L’agent est ainsi venu jusqu’à l’orée du Bois. Un souffle tiède passe qui sent la jeune feuille. L’agent est en face de Ninette, sans rien dire, la paume appuyée sur un tronc rugueux d’acacia. Tout à coup :

— Mademoiselle Ninette, j’aimerais bien avoir de gentils gosses comme celui-là et que vous soyez leur maman.

Ninette songe aussitôt malgré le trouble où elle se sent emportée comme dans un grand tourbillon : « Que penserait Madame, si elle me voyait ici, et si elle entendait ce garçon ? Et qu’est-ce que je répondrais si elle pouvait m’entendre ? Je ne veux pas refaire le coup de ma cousine Berthe qui a suivi le premier venu et qui a ensuite été abandonnée avec sa petite fille ; ni comme mon amie Marie qui est tombée si bas que maman me défend de la voir ! Oh ! Madame ! que faut-il répondre, car j’ai tant envie de l’aimer, mon agent ! »

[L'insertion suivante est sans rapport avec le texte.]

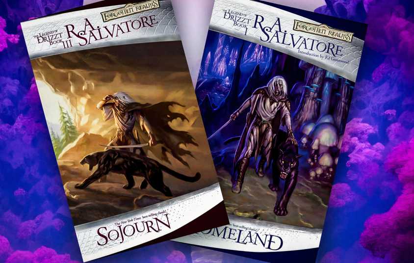 El Drow Drizzt Do’urden y los compañeros de la sala atraviesan los gruesos y delgados a través de los libros The Legend of Drizzt de RA Salvatore.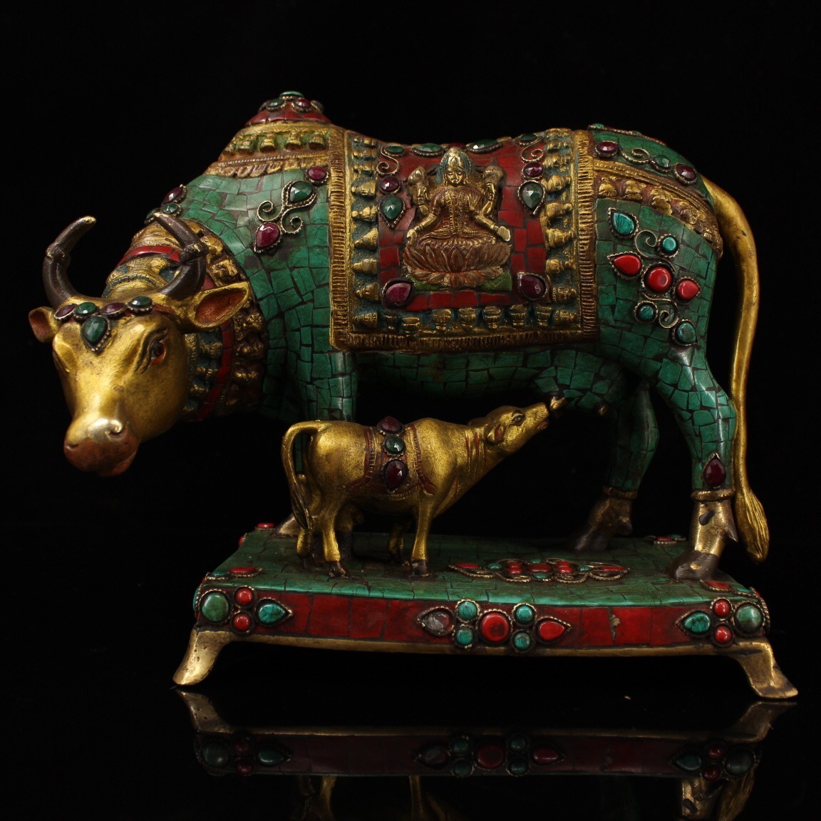 - 【超珍館蔵】銅製 寶石嵌 描金 彩繪 母子牛 置物 賞物 古賞物 古董品 古美術品 時代物 旧家蔵出 稀少珍蔵品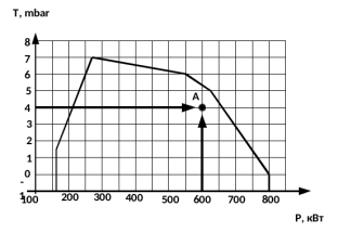 При выборе мощности в топке теплогенератора 600 кВт и аэродинамического сопротивления 4 мбара находится точка пересечения вертикальной линии, которая обозначает мощность в топке и горизонтальной, обозначающей интересующее нас значение аэродинамического давления. Горелка будет считаться подходящей только в том случае, если точка пересечения «А» двух прямых окажется внутри обведенного жирной линией контура диапазона горелки [21].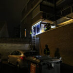 Toen de brandweer ter plaatse kwam, sprong de kat van de rand van het balkon op een plat dak. Brandweerlieden zijn met een ladder op het dak geklommen om het diertje te vangen maar zodra ze dichterbij kwamen, vluchtte hij weg. Uiteindelijk schoot de kat via een smal muurtje de Emmasingel op en verdween in de duisternis.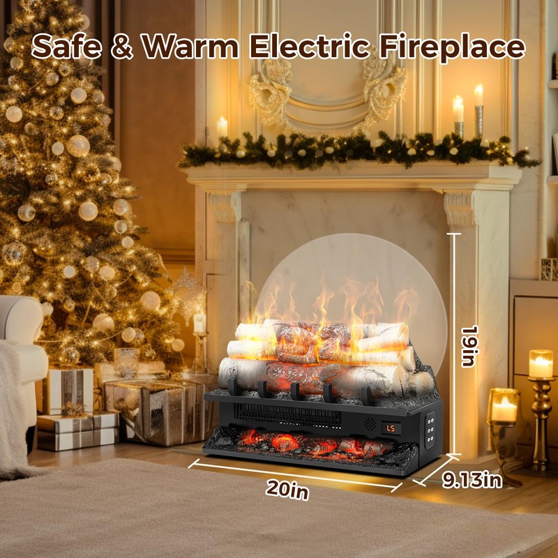 - 【Vent-free Heater】This is a cost-effective faux fireplace logs which means no need dealing with smoke and sweeping chimney,The flames appear to rise and flicker just like White Birch wood burning fire without without the mess smoke and smell, the 1500W Electric Fireplace bring precise district heating and decorting for your room.

Peut-être qu’un peu d’effroi a passé sur le visage de Ninette. Peut-être que sa tentation, son anxiété, son trouble ont marqué sur le bleu de ses yeux, car le jeune agent qui interroge ardemment ses traits craint d’avoir été brutal. Il ne le voulait pas. Il croyait avoir trouvé une formule gentille pour lui faire entendre qu’il l’aimait. Et voilà qu’il l’a bouleversée au contraire.

Mademoiselle, je ne voulais pas vous offenser. Je vois bien que vous êtes une jeune fille sérieuse. Je ne suis pas vieux, mais voyez-vous, un agent, ça sait un peu juger son monde. C’est me marier avec vous que je voudrais…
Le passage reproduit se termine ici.